Story summary: Mortgage defaults and delinquencies were both down in January 2012, compared to the previous month. The year-over-year delinquency rate dropped by more than 10%. Foreclosure starts were up last month, but this is to be expected as the banks begin to process foreclosures more rapidly.

Mortgage Delinquencies, January 2012

You can tell a lot about the future of the housing market by looking at mortgage delinquency and foreclosure trends. An uptick in the number of defaulting homeowners generally suggests a swelling tide of foreclosures down the road. This is exactly what we don’t need right now, given the supply overhang I wrote about on Monday. In the absence of strong demand, this kind of trend puts downward pressure on home prices and stalls recovery.

A drop in delinquencies, on the other hand, can be taken as a good sign. At least, when it happens over a long enough period of time to be statistically significant. And that’s what we have in the latest report released by Lender Processing Services (LPS), a data and technology firm that serves the mortgage industry. Roughly half of all U.S. home loans are serviced with LPS’ technology products. According to their report, which contains data through the end of January 2011, there has been a 10.5% decrease in mortgage delinquencies over the last year. And that bodes well for the future of the housing market. The distant future, anyway.

Delinquencies, Defaults and Starts – What Does It All Mean?

In order to understand what all of this means to the housing market, we must keep the terminology sorted out. In particular, it’s important to understand the distinction between these three terms:

  • Mortgage Delinquencies — These are homeowners who have fallen behind on their monthly payments. It generally refers to people who are at least 30 days, or one payment, past due. (Technically, you are delinquent one day after a missed payment. But most lenders allow a grace period of up to 30 days.) These are homes that have not yet fallen into foreclosure, though many people who reach this stage of delinquency do end up in foreclosure eventually.
  • Mortgage Defaults — This is when the homeowner has missed three or more payments on the loan. At this point, the homeowner is at least 90 days delinquent on the mortgage. This is a key stage in the process, because it’s the point at which most lenders will start the foreclosure process (see next item). Note: Foreclosure laws and proceedings vary by state. This time line is not set in stone.
  • Foreclosure Starts — This is when the bank / lender has actually initiated the foreclosure proceedings, usually by filing a notice of foreclosure with local officials.

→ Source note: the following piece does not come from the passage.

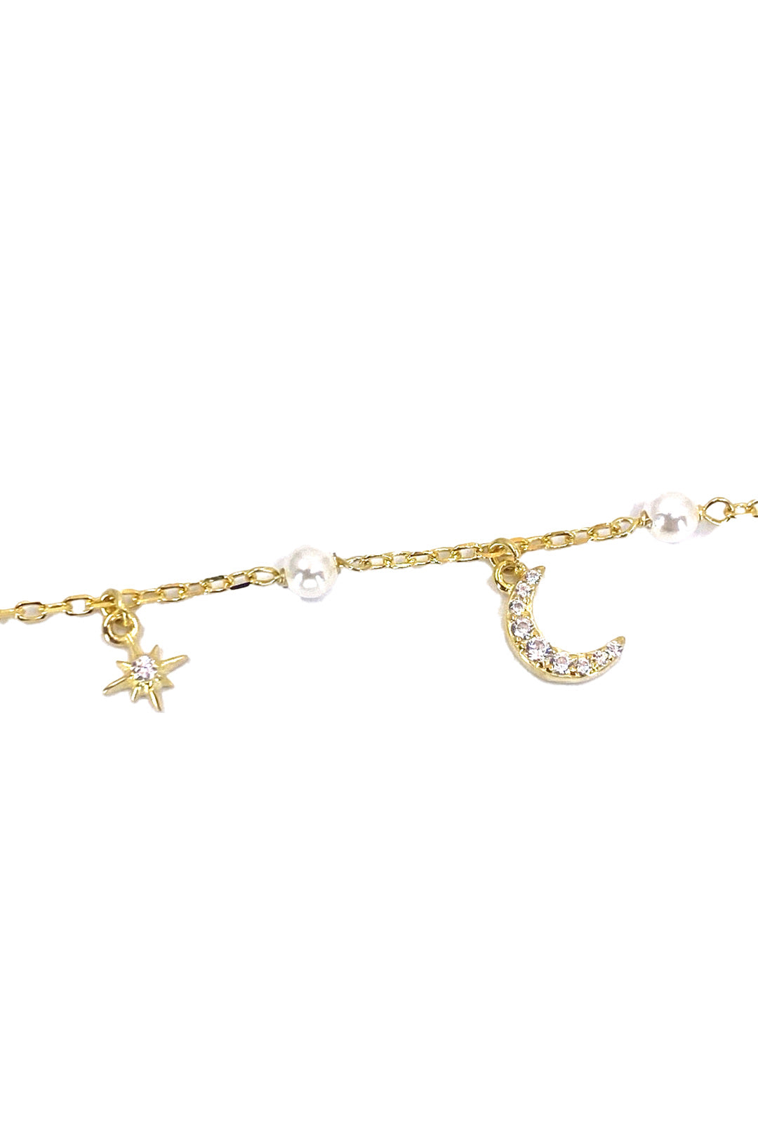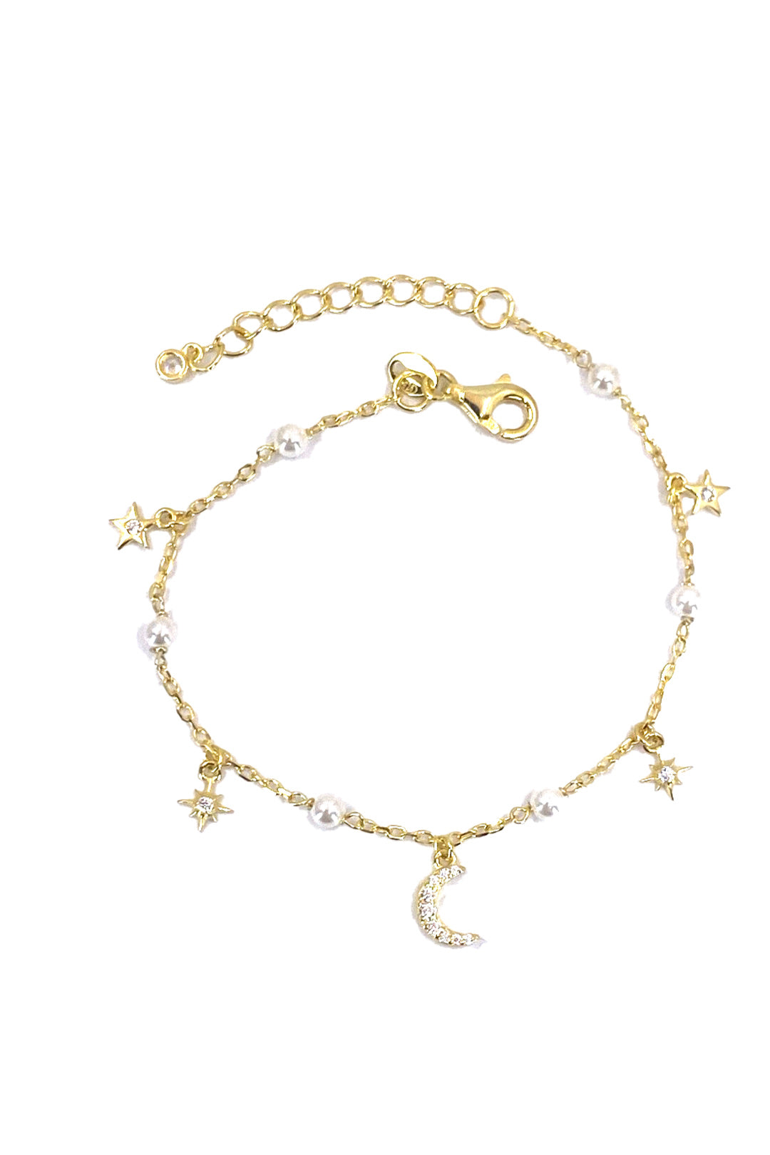 İnci Detay Yıldız Kutupyıldızı Ay Gümüş Bileklik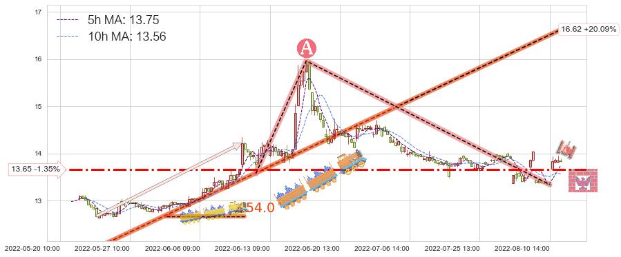 2022-07-22: 第一支撑位13.65有效抑制了下跌浪,成功阻止了价格的继续下跌。

I’ve put these terms in chronological order. The homeowner becomes delinquent after missing a payment. If the delinquency continues for three or more payments, he or she is said to be in default on the loan. A foreclosure start occurs when the lender initiates the process through which they will repossess and resell the home.

Delinquencies and defaults were both down in January, while foreclosure starts were up. But there’s a very good reason the starts are rising. It’s to be expected really, given the recent events in the lending industry. What’s more, foreclosure starts will likely rise again next month, and possibly the month after that. But it’s not the end of the world. In fact, it may just be the beginning of a long-delayed recovery.

Many in the media have missed the key piece of data contained in this report. Their headlines tell of the “rise in foreclosure starts,” while all but ignoring the year-over-year drop in delinquencies. There was also a drop in mortgage defaults, as reported by S&P recently.

Rise in Foreclosure Starts Inevitable After “Big Bank Settlement”

Earlier this month, the federal government reached an agreement with the largest mortgage lenders in the country, over the alleged abuses that are now collectively known as “robo-signing.” In short, the five banks will pay around $26 billion to end the nationwide investigation into their foreclosure-processing practices. This will allow a return to business as usual on the foreclosure front. It will also very likely lead to a rise in the number of home seizures, as we move further into 2012.

The Washington Post recently stated that the foreclosure settlement “may result in a wave of home seizures, inflicting short-term pain on delinquent U.S. borrowers while making a long-term housing recovery more likely.”

Now, the banks can process foreclosure more efficiently. This might seem like a bad thing. The machine that pulls homes out from under people is once more running at full speed. In many cases, however, a foreclosure filing is inevitable. Like when a homeowner is several months into default and has no intention of resolving the debt. The longer it drags out, the more it hurts the housing market. It adds to the so-called shadow inventory of distressed properties. It keeps supply and demand in a state of imbalance. It prevents appreciation and delays housing recovery at the local level.

The efficient resale of distressed properties is critical to our nation’s housing recovery. And the foreclosure settlement between the government and the big banks is a step in that direction — regardless of how we feel about it on a personal level.